Wednesday, March 9, 2011

Recycling men and coats

Last week Myer and David Jones launched their autumn/winter collections to fashionable A listers across the nation. The frenzy got me thinking about seasons and how some things are only meant to last a little while before we are forced to wake up and smell the roses (or be pricked by the thorns).

The Morning Show aired a segment where gossip columnist Shelly Horton, interviewed guests at the Myer fashion show on fashion faux pas – the do nots and the please-don’t-mentions of fashion mistakes from today’s fashionstas. The segment had me wondering, what other forgotten trends did we wish to keep buried in our closets or to donate to someone else.

If one man’s trash was another man’s treasure, was giving old loves the boot an act of kindness and goodwill to the universe or was it a blunder on our end for not keeping something that may be valuable in the future? When is foresight an investment and when is it delusion?

As I started thinking of fashion trends for autumn/winter, I was surrounded by friends with relationships reaching the end of their season and that’s when fashion met relationship. While retail therapy is always in order, at a less superficial level, I wondered about how many couples nakedly reveal the truth in their relationships, how much truth can a relationship handle and does the removal of our cool (mostly fashionable) exteriors bring chilling change to a couple that moves them from summer loving to an autumnal period where leaves fall and are eventually replaced with new ones?

One friend took the end of her relationship to be an investment; like a Burberry trench – the end of her relationship meant the shedding of girly trend-pieces and the start of classic-cuts. These cuts would hold her better than her last trench, support her shape as she grew in her new career and hopefully (for what you pay for a Burberry coat) would last a lifetime.

It’s trench warfare! Except on this battlefield, new wars (sometimes just as mental battles) begin with each season because every weather change sheds new light, forces us to rid of old trends (sometimes the enemy) and if we're wise, inspires positive changes towards new changes that fit better.

My other friend told me about facades that both she and her partner were wearing for a period of time. They were both wearing the same coat: the we-are-fighting-but-smiling-through-it-and-maybe-if-we-fake-it-long-enough-we’ll-convince-ourselves-we’re-ok coat. A passive rage was building between them and an inferno of contempt for each others neglect made the coat too hot to handle – it had to come off. With a step away from a fad that had long phased them, a little distance and a new perspective made the coat look ugly and unwearable. Time to donate the coat to the needier or the less fortunate (however you choose to see it).

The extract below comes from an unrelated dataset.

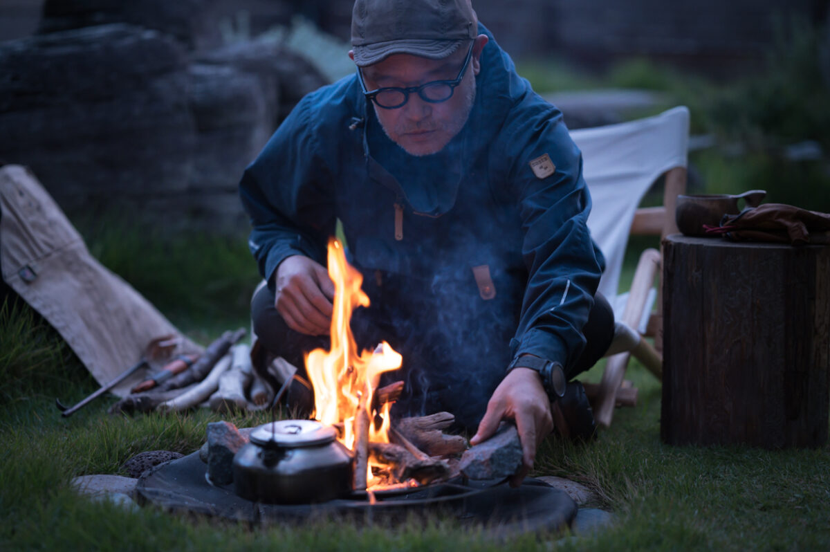 (写真)焚火台:TAKIBISM JIKABI M ISHINOMAKIおよび寒川一氏による使用風景

This is where curiosity stepped in about trash and treasure. If everyone was ditching an old love, this would set new people into the single-sphere and men and women alike would have a few more options to choose from. Sometimes antique is attractive, vintage always seems to travel back into our wardrobes but others find no substitute for what is shiny and new.

If new is better then we’re all screwed, because everyone is an old love of someone else. What is good about what is old is that it is also matured, experienced and every season it’s given a fresh spin.

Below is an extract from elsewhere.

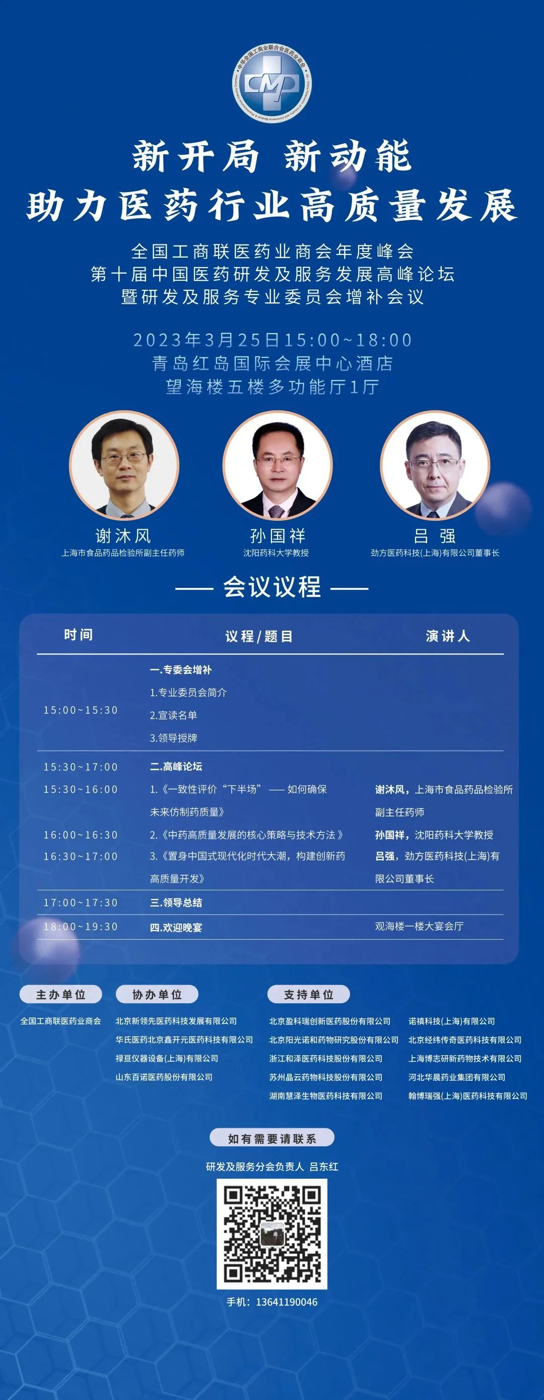 由全國(guó)工商聯(lián)醫(yī)藥業(yè)商會(huì)主辦,北京新領(lǐng)先醫(yī)藥聯(lián)合承辦的全國(guó)工商聯(lián)醫(yī)藥業(yè)商會(huì)年度峰會(huì)暨第十屆中國(guó)醫(yī)藥研發(fā)及服務(wù)發(fā)展高峰論壇將于3月25-27日在青島召開(kāi)。
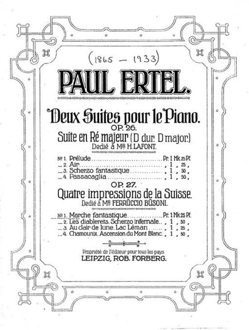 Jean Paul Ertel (1865-1933) was a German pianist and composer. He studied with Brassin and had some lessons from Franz Liszt.

My love and fashion lesson suddenly took a turn I wasn’t expecting it to – I learnt that everything comes to an end, that what we learn from each relationship is similar to what we learn from a fashion faux pas – what not to do again...but when we recycle that knowledge we learn what we should do, then new coats look better, feel better and eventually become trans-seasonal and among the recycled, we might find a classic piece worth keeping.